[PATCH i-g-t 3/6] tests/intel/xe_sriov_flr: Add skeleton for clear and isolation tests
Laguna, Lukasz
lukasz.laguna at intel.com
Fri Oct 18 06:58:08 UTC 2024
On 10/9/2024 13:30, Marcin Bernatowicz wrote:
> Introduce a skeleton with basic structures for subchecks execution and
> a `verify_flr` template method to orchestrate the verification of
> Functional Level Reset (FLR) across multiple Virtual Functions (VFs).
>
> The goal is to reduce runtime by limiting the total number of FLRs. Instead
> of repeating the FLR process for each subcheck (clear-lmem, clear-ggtt,
> clear-scratch-regs, clear-media-scratch-regs), a single FLR is issued.

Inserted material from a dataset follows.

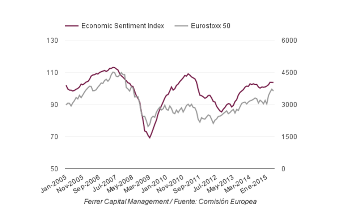 Eurozona: Índice Sentimiento Económico 103,8 Mayo Según datos difundidos hoy por Eurostat, la agencia estadística de la Comisión Europea, el índice de sentimiento económico de la Eurozona, una encuesta realizada a... 28 de mayo, 2015

> Afterward, all subchecks verify if any failures occurred and report the
> results accordingly. The proposed skeleton ensures that while one subcheck
> may stop due to failure or a skip condition, other subchecks can continue
> execution.
>
> Concrete subcheck implementations (clear-lmem, clear-ggtt,
> clear-scratch-regs, clear-media-scratch-regs) will be introduced
> in subsequent patches.
>
> Proposed IGT tests (will report each subcheck's status):
>
> flr-vf1-clear
> Verifies that LMEM, GGTT, and SCRATCH_REGS are properly cleared on VF1
> (with only VF1 enabled) following a Function Level Reset (FLR). This
> test can be included in the BAT (Basic Acceptance Test) suite.
>
> flr-each-isolation
> Sequentially performs FLR on each VF to verify isolation and
> clearing of LMEM, GGTT, and SCRATCH_REGS on the reset VF only.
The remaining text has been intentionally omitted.